* Available data *
※ ※ ※

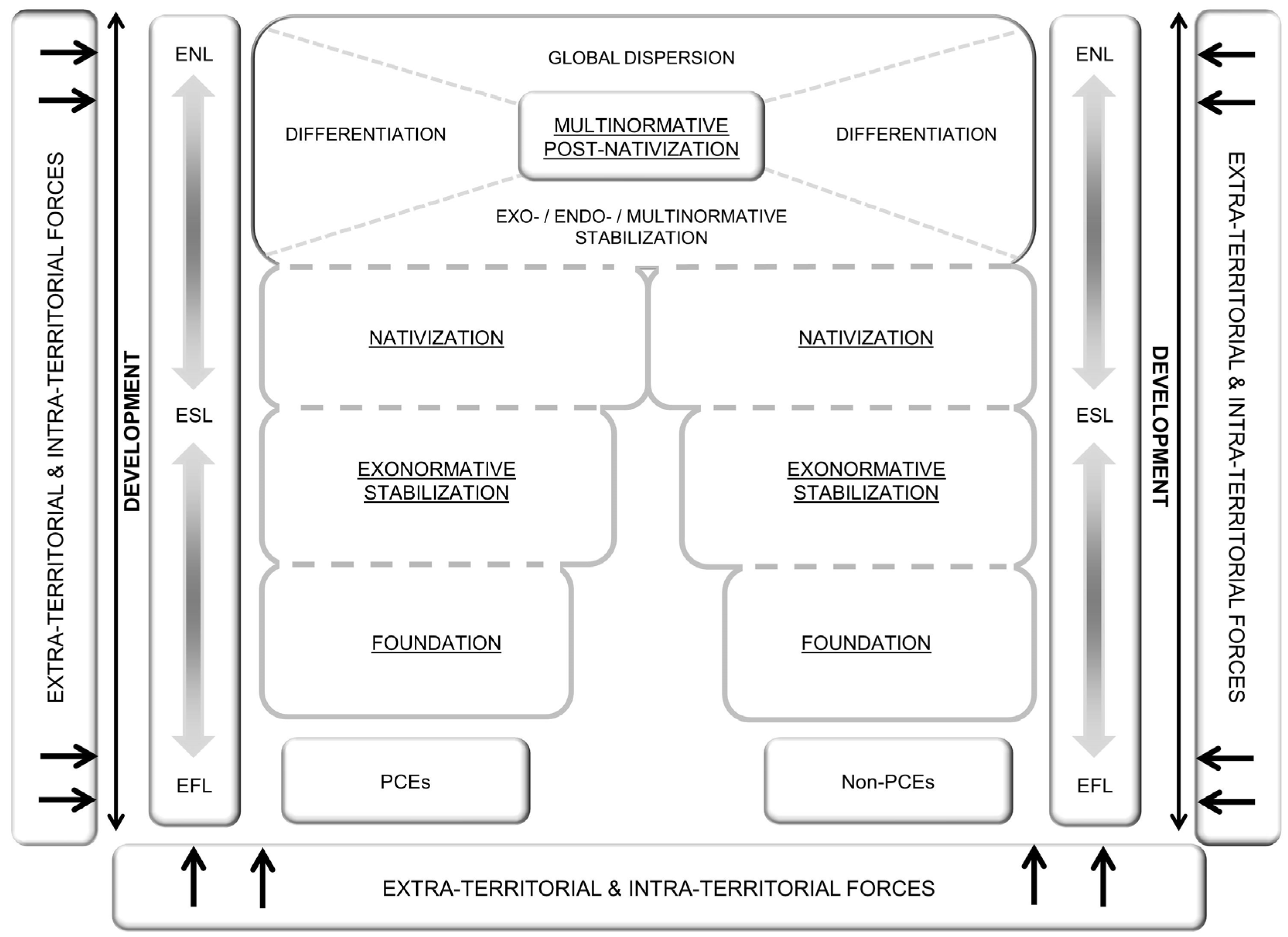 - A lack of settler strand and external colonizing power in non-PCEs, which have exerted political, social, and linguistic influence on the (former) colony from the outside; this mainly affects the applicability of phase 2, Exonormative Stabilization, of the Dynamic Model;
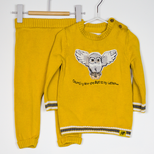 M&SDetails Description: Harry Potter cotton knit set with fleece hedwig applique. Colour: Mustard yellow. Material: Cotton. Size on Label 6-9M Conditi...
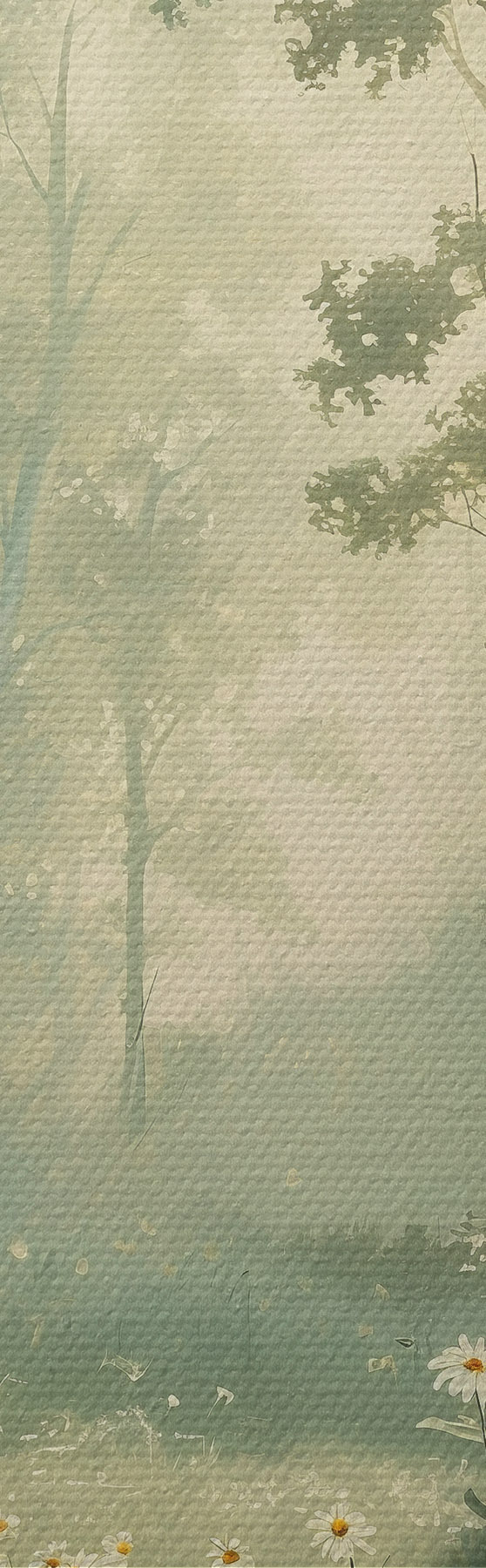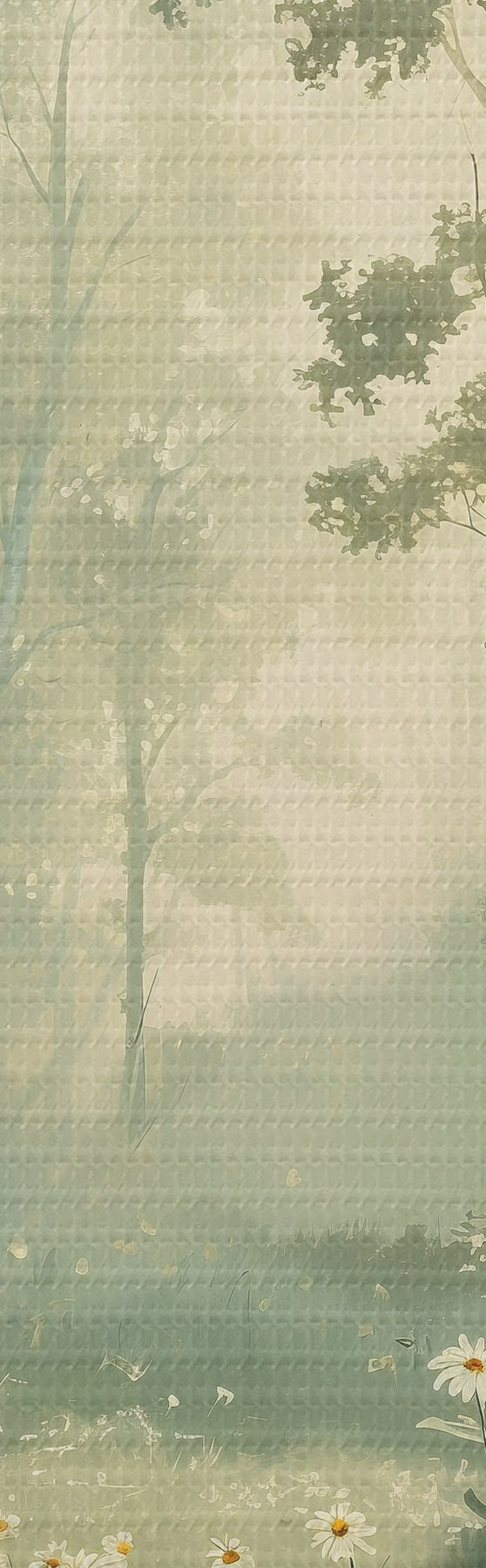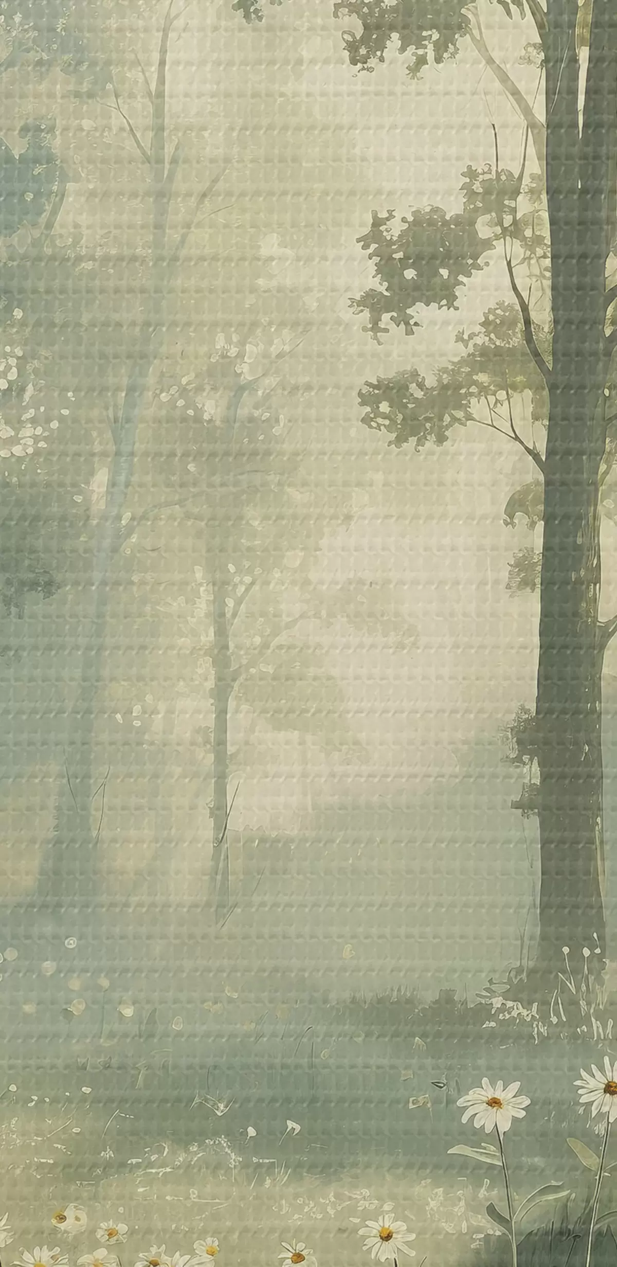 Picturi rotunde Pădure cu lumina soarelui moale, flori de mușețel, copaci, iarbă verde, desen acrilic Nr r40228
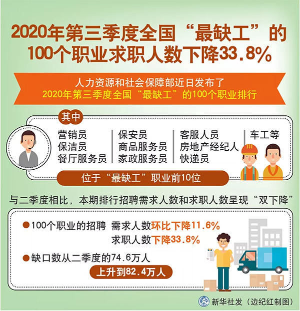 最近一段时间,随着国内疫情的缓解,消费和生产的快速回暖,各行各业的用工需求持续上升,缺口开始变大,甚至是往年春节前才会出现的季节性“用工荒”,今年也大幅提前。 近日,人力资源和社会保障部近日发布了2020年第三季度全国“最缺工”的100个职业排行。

※ ※ ※

* Work instruction *
Could every line above be set down exactly, with the pictures omitted?

* Task output *
 - A lack of settler strand and external colonizing power in non-PCEs, which have exerted political, social, and linguistic influence on the (former) colony from the outside; this mainly affects the applicability of phase 2, Exonormative Stabilization, of the Dynamic Model;
 M&SDetails Description: Harry Potter cotton knit set with fleece hedwig applique. Colour: Mustard yellow. Material: Cotton. Size on Label 6-9M Conditi...
 Picturi rotunde Pădure cu lumina soarelui moale, flori de mușețel, copaci, iarbă verde, desen acrilic Nr r40228
 最近一段时间,随着国内疫情的缓解,消费和生产的快速回暖,各行各业的用工需求持续上升,缺口开始变大,甚至是往年春节前才会出现的季节性“用工荒”,今年也大幅提前。 近日,人力资源和社会保障部近日发布了2020年第三季度全国“最缺工”的100个职业排行。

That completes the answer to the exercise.